IN or OUT?
…the way out of the darkness
A while back I was talking to a friend about “visibility” in the market. No matter what profession you might represent, we all know, that if you are not making yourself visible (especially online), you are pretty much inexistent. The scope of the discussion was not to state the obvious, obviously… but trying to figure out how much of what people show online is true. And again, we were not talking about teenage networking sites, but professional pages where people give awards to themselves, relate endless success stories and at the same time, of course, trying to sell you something, that would also make you just as happy and successful. Main question was, how much of these self-validating manifestos are true…
At some point my friend told me: “Please! People don’t want the truth! People just want to get by…” Apparently this is not a newfound thing, it has been the same since Plato. I remembered his cave analogy, from The republic. Here, he describes the situation, where people are kept prisoners in a cave, with their backs to the cave opening. They are tied so tightly, that they cannot even move their heads to the left or to the right. Time passes, with them watching only shadows pass by, projected to the back of the cave wall by the light of the fire at night. As time passes, this becomes their reality, where the world is composed of their chains, the flickering light of the fire and the shadows on the wall. In a chain of typical Socratic rhetorics, one of these guys gets out. He is guided to the top of the mountain in the sunlight, the light of the sun burning his eyes and skin. But after he adjusts, he cannot anymore unsee what he has seen: the truth is, they are kept prisoners. There is a beautiful world out there. In another twist of the dialogues, he is put back in the cave. Now we all know what will happen: his eyes cannot adjust to the darkness, and he cannot anymore see the shadows in the back of the cave. No matter how many stories he is telling the others, about what he has seen, to everyone else, he is just someone who left, and came back blind. Now let’s assume there comes another “liberator”, offering the cave people a chance to get out of their shackles and walk in the sunlight. Would they go? Considering that the only person ever to leave, came back “blind”, they would surely kill him, and not join him! People don’t want the truth, people just want to get by…
But going back to the original topic, we still see a lot of “seers”, “gurus” and all sorts of experts selling wonder solutions to all your problems. How is this possible? Is it at all possible? Are people able to just “download” other peoples algorithms and implement the next day as their own? Highly unlikely.
But this makes me remember another story.

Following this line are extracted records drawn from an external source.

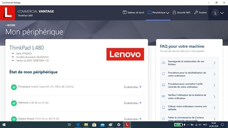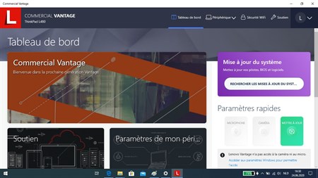 Lenovo Commercial Vantage est une solution de gestion des périphériques intuitive axée sur la praticité et la fonctionnalité, qui permet d'accéder aux fonctions et aux commandes de l'équipement de tout ordinateur commercial Lenovo Windows 10. Lenovo Commercial Vantage est une application gratuite qui permet aux administrateurs informatiques de contrôler les fonctions et de personnaliser la configuration d'un périphérique. Les paramètres et les mises à jour peuvent être gérés par l'utilisateur ou être configurés à distance par celui-ci. Accédez à des fonctions uniques et contrôlez-les, avec des fonctionnalités telles que la gestion de l'énergie, l'écran, l'appareil photo, le son, le clavier, la souris et le stylet. « REMARQUE IMPORTANTE : CETTE APPLICATION EST RÉSERVÉE AUX ENVIRONNEMENTS GÉRÉS ET NE DOIT ÊTRE TÉLÉCHARGÉE QUE SI CELA VOUS A ÉTÉ CONSEILLÉ PAR VOTRE ADMINISTRATEUR. Le téléchargement et l'installation de cette application sans l'avis d'un administrateur peut avoir un impact négatif sur le comportement de votre périphérique. Si vous êtes un utilisateur final dans un environnement non géré, téléchargez Lenovo Vantage à la place. »
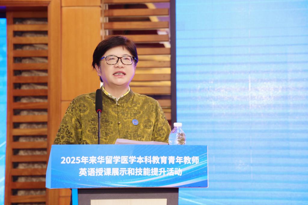 副校长杨晓丽出席开幕式并致辞。她向出席活动的专家学者表示欢迎,并简要介绍了我校来华留学医学教育工作。她指出,本次活动不仅为医学青年教师提供了展示与交流的平台,也为我国来华留学医学教育的质量提升与教学创新注入了强劲动力,希望各位青年教师在切磋技艺中实现超越、在交流互鉴中启迪智慧、在友谊的交流中收获成长。中国教育国际交流协会副秘书长安延,中国教育国际交流协会国际医学教育分会理事长、山东大学副校长易凡视频致辞,勉励青年教师在交流中取长补短、在实践中锤炼本领,努力提升跨文化教学能力,成长为兼具专业素养和国际视野的优秀医学教育者。
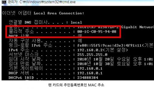 MAC 주소 역시 일반적인 사용 환경에서는 그리 활용할 기회가 없을 테지만, MS 윈도우 운영체제의 명령 프롬프트에서 ‘ipconfig /all’ 명령어를 실행하면 ‘물리적 주소’라는 항목에서 각 랜 카드 고유의 MAC 주소를 확인할 수 있다.
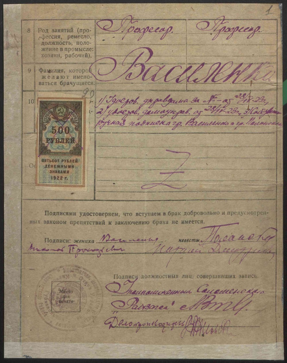 Згодом Микола Василенко перейшов на історичний факультет, - розповідає його дружина, - він почав працювати у проф. О.Г. Брікнера, який читав російську історію. Мик. Прок. став його кращим учнем, його «nachschlagebuch». Під його керівництвом написав він першу велику роботу присвячену земським соборам, яка була призначена до друку, але не надрукована у зв’язку з виїздом професора Брікнера за кордон… Не обмежуючись самою наукою, Мик. Прок. цікавився політичними питаннями. На той час Дорпатський університет жив ліберальнішим життям, ніж російські університети. В його бібліотеці виписували й видавали студентам літературу, яка була заборонена у Росії (Маркс, Енгельс, Ласаль, Драгоманов, тощо були цілком приступні студентам)…
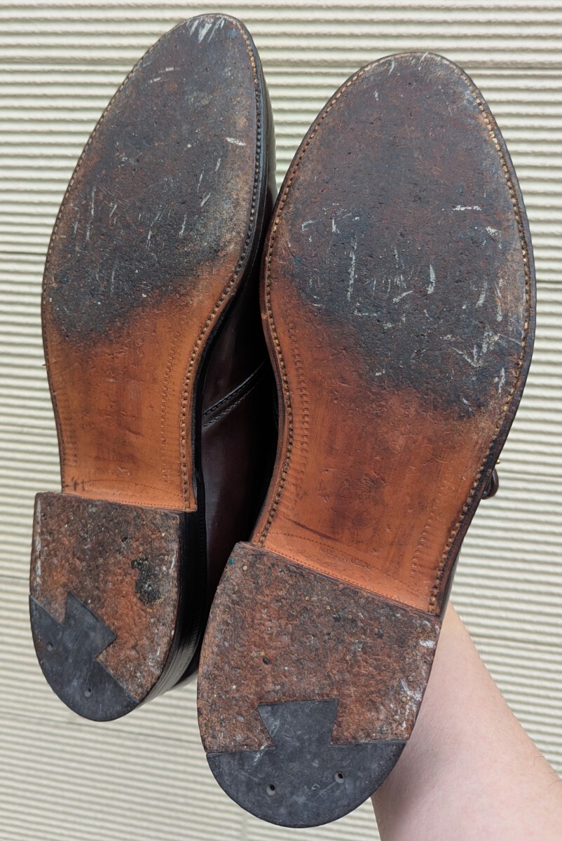 ・インソール除菌後、乳化性クリーム、油性ワックスを用いケア&ハイシャイン済。アウトソールも専用のクリームでケア済です。
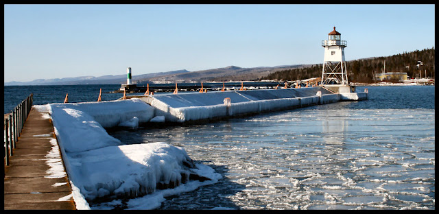We had wandered around the lake front on Friday, taking pictures in a bitter wind, but when we went back down on Saturday morning we were surprised to see that half the bay had frozen over during the night. It was also a nice blue sky on Saturday, so the pictures didn't look like black and white shots.

In Sheldon Kopp’s Book If You Meet the Buddha on the Road, Kill Him! He describes an old Sufi legend. Once upon a time, there was a wanderer, who wandered to foreign territory, arriving to the land of the fools. Here, he noticed, that people are fleeing from the fields in great terror. When he asked, why are they all running away, they tell him the story of the great monster living in the fields. The brave wonderer went on a quest to find the monster. What he found, was that the ominous monster the locals were fearing, was a watermelon. He then took out his knife, cut down the watermelon and took it to the village. He started slicing it and inviting the locals to the feast. The villagers got so terrified, that they took their iron forks and banished the wonderer out of the village. A while later came another wanderer, who when he found out, that the locals are terrified of the watermelon, quickly tiptoed away from the fields, joining the villagers in their delusions. However, knowing there is nothing to fear about a watermelon, he managed to slowly teach the villagers not to fear the melons. More so, in time, he taught them to start planting and harvesting them, themselves. Turns out, there is no quick fix to the process of change.
Now why is this relevant? It seems, that along thousands of years, the human history keeps relating such stories, still we keep expecting the “wonder pill” that will solve all our problems. This might be the reason, why the self-help industry is still so proficient is selling super solutions that will fix your problems in a day. People just want to get by…
But what does getting by mean? Let’s assume you are trapped in a box. However, you can feel something is not right, so you decide you want to make some progress. There comes a helper, who offers to push the box along for you for a while. So you agree and he does. You made progress, but you are still stuck in a box… Is this sufficient? You are still trapped, but this time it’s not only your box you are stuck in, but also in a relationship of codependency. This might be fruitful business to the ones offering box-pushers, but bad for the one paying. Past the obvious financial losses, the worst is, that there is no faster way to ruin your own self-esteem than to get on this treadmill and get nowhere. You feel that you keep doing your part, but past the little progress you make at each try, you keep feeling worse and worse. Why? Because the progress in not real. It’s just an illusion. True help takes time, work, heartache and in most cases it will be a lot worse before it gets better.
It seems, that since ancient times, history is giving us permission, to take the time to learn and see the truth. May it be a job, a friend, a partner or a “guru” that offers to be the solution to all your problems, it’s worth holding on to a grain of skepticism. Find a person to help you first see that you are in a box. Help you get out and walk you a few steps along the way.
It’s worth knowing the truth and having a slice of that watermelon.